The San Mateo County Office of Education, Community School South, and the Boys and Girls Club of EPA worked collaboratively to carve out a small section of the Boys and Girls Club’s lawn to establish the 2,100 square foot garden. Currently the garden is in its final stages of completion and contains a 3-bin compost, both raised and in-ground beds, an irrigation system, and a tool shed. The students have been eagerly anticipating the completion of the garden so they can begin planting their winter crop. Future plans for the program include a greenhouse; the establishment of a native-plant garden at a local non-profit, YUCA (Youth United for Community Action); field trips to local farms and urban gardens, and collaborations with other local school garden groups.

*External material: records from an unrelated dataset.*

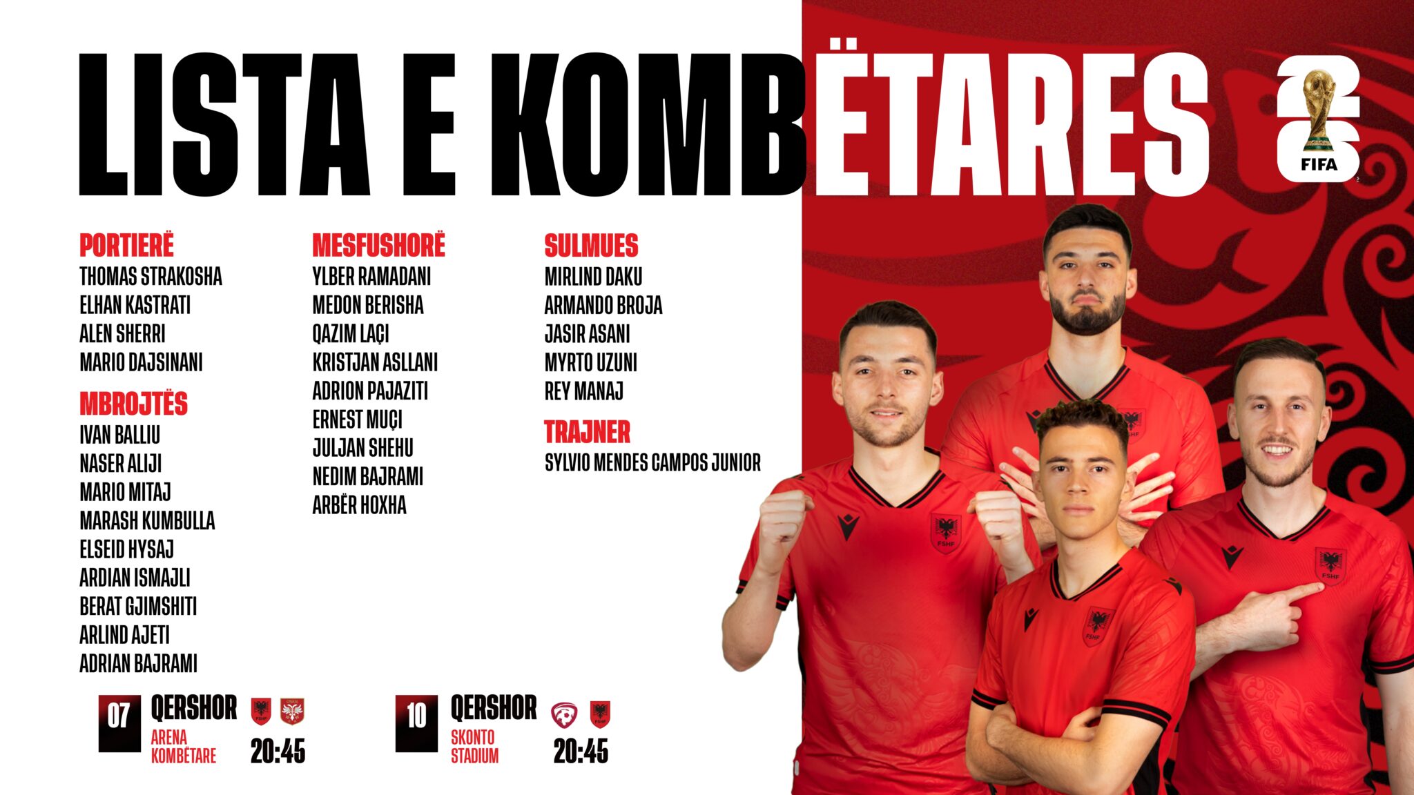 Trajneri Sylvinho ka bërë publike listën me 27 lojtarët e ftuar për këto dy përballje të rëndësishme.
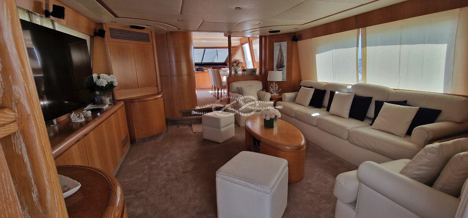 2017/18 : Entretien du moteur et du générateur - Nettoyage des échangeurs de chaleur - Alternateurs - Remplacement de toutes les prises d’eau de mer - Révision du chargeur de batterie - Révision des autoclaves - Révision de la climatisation - Révision des extincteurs et de la pompe à incendie - Installation de pompes de cale automatiques - Révision des générateurs - Révision du dessalinisateur - Lumières de courtoisie à LED - Installation de projecteurs sous-marins - Installation d’une écriture arrière rétroéclairée par LED - Polissage des pavois et de la superstructure - Remplacement du frigo de la cuisine - Remplacement du plan de travail en marbre de la cuisine - Interphone dans toutes les cabines - Nouveaux téléviseurs LCD dans le salon et toutes les cabines - Remplacement de toutes les vannes des toilettes - Remplacement du pare-brise en plexiglas - Sellerie du canapé du salon en cuir - Installation d’un purificateur d’eau et de gaz - Système stéréo alpin - Remplacement de l’électronique du tableau de bord et du flybridge - Peinture du tableau de bord - Révision du radeau - Remplacement des matelas - Remplacement des rideaux de cabine - Remplacement des rideaux de cabine Machine à laver - installation de portes en acier inoxydable et en plexiglas sur les escaliers arrière.
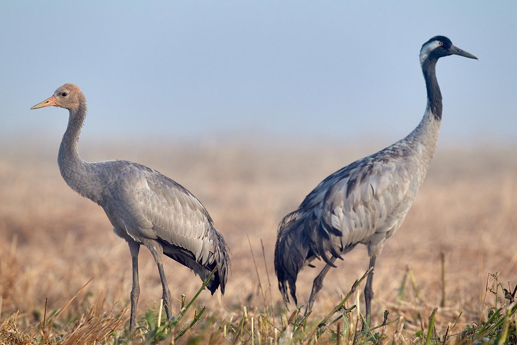 Серые журавли — крайне осторожные птицы, они образуют пары на всю жизнь и выращивают своё потомство с большой ответственностью. Ревностно оберегая вначале кладку, а затем и подрастающих птенцов, родители проявляют поистине «человеческую» заботу о них. Птенцов в гнезде, как правило, двое, и растут они очень долго, поэтому увидеть семейный «квартет» в полном составе чаще всего можно только ближе к началу осени. Всё чаще покидая свой родительский очаг на болотах, семья начинает держаться на полях и лугах, где питание гораздо богаче. Эти места – так называемые жировки, в которых сеголетки набираются сил перед тяжёлым и опасным перелётом с родителями на юг, где многотысячные семьи журавлей остаются зимовать.
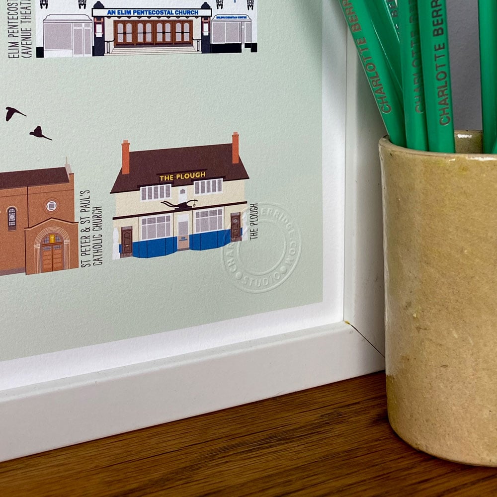 Illustrated art print of Northfields in Ealing created exclusively by local resident Charlotte Berridge. This print makes the perfect gift for anyone who knows, loves, or lives in Northfields.
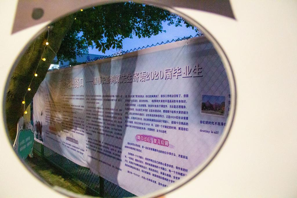 “路口有个stop,不是人生停在这里,是毕业那天驻足片刻,在这儿想一下,过了这个路口,绿树成荫、繁花似锦、落英缤纷。”董事长敦敦教诲;“你们自五湖四海到移通来,将赴天南地北去。祝同学们毕业快乐,愿此去经年,以自信、以才华、以爱心、以奋斗成就理想,收获幸福!”各职能部门、院系的各种祝福语,依次排列张贴,形成了一堵包含深情的“祝福墙”。

Views of the raised garden beds (top) and the tool shed (bottom). 17th District PTA will be helping to support this program, using Student Aid donations from PTA units throughout San Mateo County.

After the Winter Semester

 

The Garden Class at Community School South (CSS) just completed a successful fall semester! Students learned about the impacts of global warming and that one fifth of our fossil fuel consumption goes towards the harvesting, processing, and transportation of our food. We emphasized the concepts of eating seasonally, locally, and organically through our class curriculum, field trip to the Redwood City Farmers’ Market, and seasonal recipes which were prepared in the kitchen. In addition, students broke ground in the garden, planting the garden’s first crops, which included cabbage, cauliflower, bok choy, and strawberries, to name a few. Below is an excerpt from a student reflection on the semester.

“I am a student at CSS and I have been in Garden Class for a semester. I have learned about how global warming affects the earth. I have also learned how to properly plant plants. One more thing that I learned was how to cook. These things are important because it gives me experience for the future with skills that I can use. My favorite part of Garden Class is learning about the earth because now I know that I have to take care of it. I decided to take another semester of Garden Class because I know it is a good experience for me.”

We are looking forward to the spring semester where students will focus on human, plant, and soil nutrition and have the opportunity to harvest the winter crops and prepare the garden for summer.